CalPERS plans raft of climate measures including $100bn for climate solutions

Peter Cashion, managing investment director for sustainable investments, will present the plan, which includes another $53bn for climate solutions investments, 10 more sustainability staff, scenarios analyses and options for divestment.

Peter Cashion, CalPERS
Peter Cashion, CalPERS

The California Public Employees’ Retirement System plans to increase its allocation to climate solutions investments to $100 billion by 2030. Already one of the world’s biggest climate investors, with more than 10 percent of its $463 billion portfolio estimated to be invested in climate-related assets, CalPERS’ plans herald a wave of capital available for climate-focused private funds over the next six years.
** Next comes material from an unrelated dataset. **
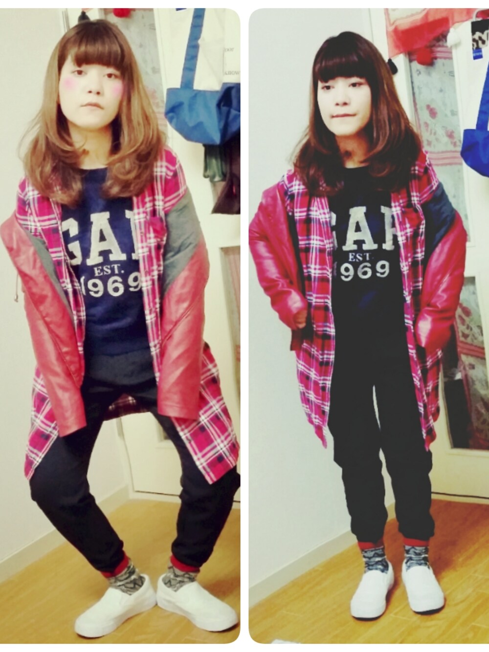 あ、ジャケット着てる途中です。 っていう風~笑 まぬけな感じですみません♡ パンツを靴下にinして、おじいちゃんコーデです(^-^)/

The move is part of CalPERS’ net-zero strategy, which also includes plans to build the $462.8 billion pension’s sustainability headcount, integrate deeper ESG due diligence into investment decisions and identify conditions for potential climate-related divestments. The strategy will be presented by Peter Cashion, managing investment director for sustainable investments, to CalPERS’ board on Wednesday for feedback.

CalPERS previously announced a net zero by 2050 target.

New money

CalPERS plans to increase its exposure to climate-related assets from $47 billion, its estimated holdings in this sector at the end of Q3 2023, to $100 billion across private and public markets by 2030. This is “consistent with more than a 50 percent reduction in portfolio emissions intensity by [2030]”, according to an internal memo seen by New Private Markets.
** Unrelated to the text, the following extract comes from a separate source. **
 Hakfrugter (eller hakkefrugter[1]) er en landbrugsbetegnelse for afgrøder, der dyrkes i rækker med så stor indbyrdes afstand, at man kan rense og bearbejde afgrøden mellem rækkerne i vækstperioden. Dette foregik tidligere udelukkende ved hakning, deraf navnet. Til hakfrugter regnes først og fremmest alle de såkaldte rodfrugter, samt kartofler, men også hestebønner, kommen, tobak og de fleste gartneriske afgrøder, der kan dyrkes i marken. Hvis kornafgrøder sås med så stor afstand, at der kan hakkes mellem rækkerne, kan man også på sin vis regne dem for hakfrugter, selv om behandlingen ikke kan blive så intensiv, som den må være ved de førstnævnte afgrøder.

The pension will develop climate investment plans specific for each asset class to reach this target, including identifying climate sub-themes and managers to back. CalPERS will consider climate solutions opportunities along three sub-themes: climate change mitigation (such as renewable energy generation, carbon capture and storage, and waste management), adaptations (water management, agricultural resilience and disaster risk reduction) and transition (brown-to-green strategies for hardest-to-abate sectors and assets).

Portfolio management

CalPERS will “roll out a system for periodic ESG attestations and reporting from asset managers”, according to the memo.

The new strategy will also see CalPERS integrate climate risk assessments into due diligence for new investments and conduct them annually at a total-portfolio level, including physical risks and transition risks. Scenario analyses for some parts of the portfolio to make asset liability and risk evaluations are also in the works, according to the memo – although it does not specify which asset classes will be subject to scenario analyses.

CalPERS wants to see net-zero plans and transition readiness in its portfolio companies. Engagement remains its preferred method to ensuring assets and companies transition but the net-zero plan also includes building a procedure for when CalPERS would divest.

Where companies have inadequate net-zero or transition plans that pose a financial risk to CalPERS’ investment, the pension may “take action, consistent with fiduciary duties, to exit certain securities where there is not a financial rationale to have continued exposure”, the memo states. NPM asked CalPERS whether this applies to private investments, but the pension had not responded prior to publication.

CalPERS has not excluded fossil fuel investments: its position is that fossil fuels are “an important near-term component of the global economy and contribute to energy security”, according to the memo, as well as being “an important source of portfolio diversification”.

More muscle

Cashion plans to build out his sustainable investing team from five to 15 professionals to execute this strategy. Of the 10 additional hires, five will be investors, sourcing sustainable opportunities; and three will support ESG due diligence and reporting alongside generalist investment and portfolio management teams.

Who is Peter Cashion?

Cashion leads CalPERS’ sustainable investing team as managing investment director for sustainable investments. He joined the pension in January 2023, taking the role that had been vacated by Anne Simpson a year prior. Simpson left CalPERS in January 2022 to become Franklin Templeton’s global head of sustainability.

Cashion joined after a 27-year run at the World Bank’s International Finance Corporation, where he was most recently global head of climate finance and chief investment officer for the IFC’s financial institutions group.